• About this task: List all lines of the data that include the string "Reunión".

• Data provided:
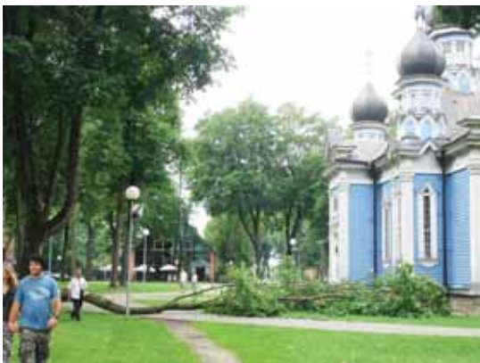
Išvarta Druskininkų cerkvės papėdėje
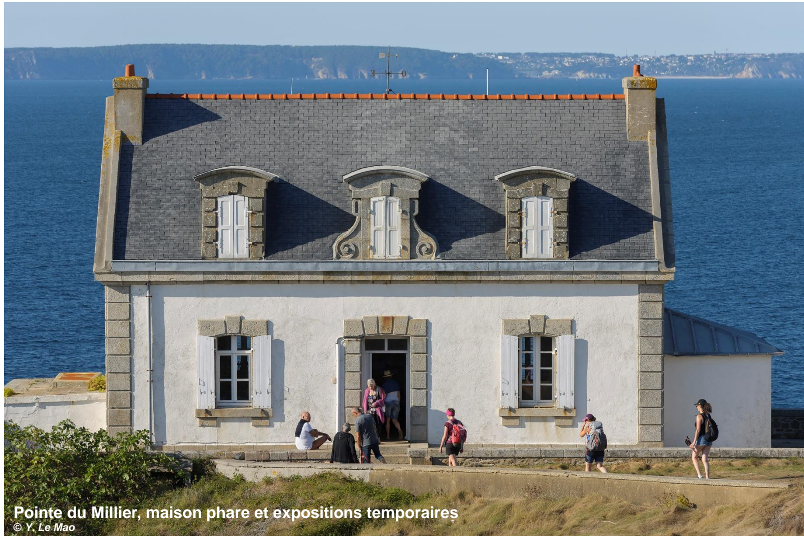
Pointe du Millier, maison phare et expositions temporaires
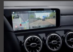
Augmented reality voor navigatie (U19)
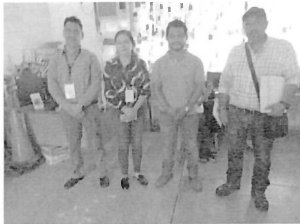
Reunión en la casa de la cultura del municipio de Unión Hidalgo con autoridades Municipales 06/12/2023.
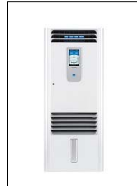
ピュアウォッシャー
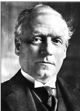
Герберт Генрі Асквіт

ся регулярними опитуваннями тих англійців, які здійснювали закордонні поїздки, найперше — бізнесменів. Не можна сказати, що у Форин-офісі не усвідомлювали вразливості й слабкості такої системи, але всі боязкі спроби в цьому напрямі блокувалися побоюванням упустити важливу інформацію в ході відволення сил на тривалий процес створення комплексної системи політичної та економічної розвідки. Брак коштів і кадрів змушував іноді йти на дивні для того часу компроміси й півзаходи. Наприклад, для виконання розвідувальних завдань допускалася навіть можливість найму іноземних приватних розшукових контор, хоча у відкритих джерелах відсутні згадки про те, чи було її втілено в життя. Проте минуло багато десятиліть, і практика роботи спецслужб через аутсорсингові можливості набуде поширення в усьому світі. І при цьому спричинить чимало провалів та скандалів. Українську негативну роль в організації політичної розвідки відіграли послы, які практично одностайно категорично відмовлялися зв'язуватися з «особливими операціями». Тому органи політичної розвідки на першій стадії існування були невід'ємним елементом військових структур, і на плечі армії лягло додаткове завдання реорганізації своєї секретної служби з метою забезпечення керівництва держави політичною та економічною розвідувальною інформацією.
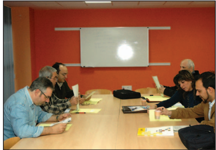
Reunión entre el Ayuntamiento y Acasa celebrada el pasado 22 de febrero

"La idea es organizar además actividades para niños, con el fin de que a través de ellos acudan los padres y que éstos conozcan la variedad y la
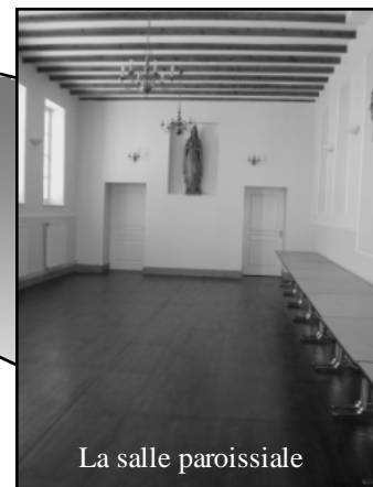
La salle paroissiale
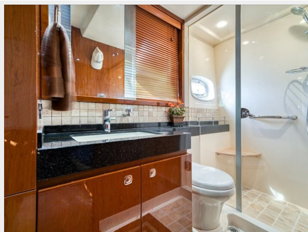
Ensuite Master Head 1
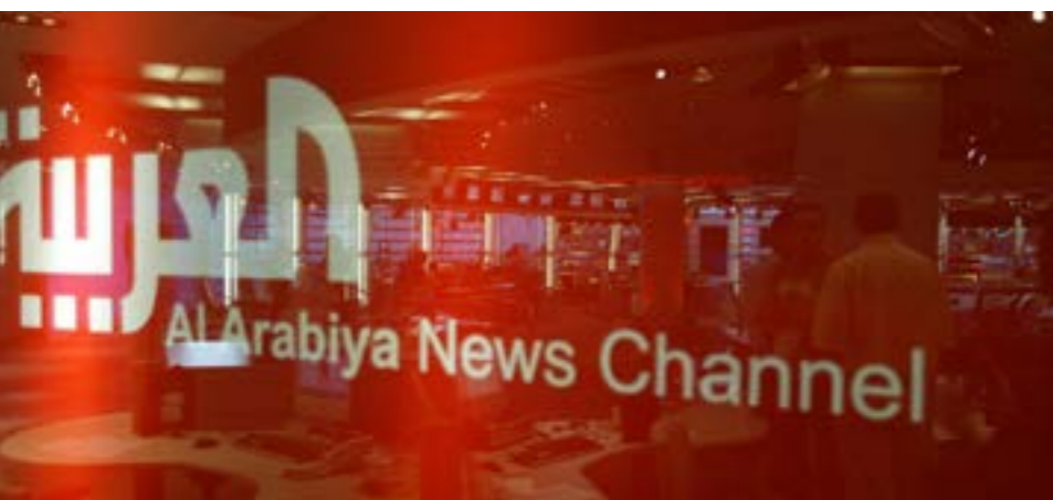
Ньюзрум телеканала Al Arabiya в Дубаи в 2003 г.

Стиль работы Al Arabiya открыто копирует крупные западные телеканалы, а основная модель для него это CNN. Его журналисты занимаются углублёнными расследованиями, делают интервью ведущих мировых политиков (в частности, Барака Обамы 26 января 2009 года), но у них нет такой возможности, когда речь заходит о саудовском руководстве. Саудовская Аравия не является объектом расследований для журналистов телеканала
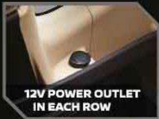
12V POWER OUTLET IN EACH ROW

Tersedia charging port untuk kebutuhan penumpang di setiap baris.
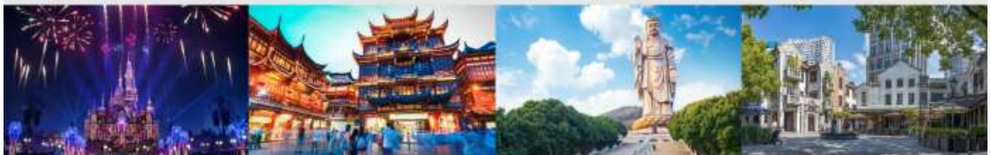
เซียงโฮ้ตีสันยีแลนด์

• Answer below:
Reunión en la casa de la cultura del municipio de Unión Hidalgo con autoridades Municipales 06/12/2023.
Reunión entre el Ayuntamiento y Acasa celebrada el pasado 22 de febrero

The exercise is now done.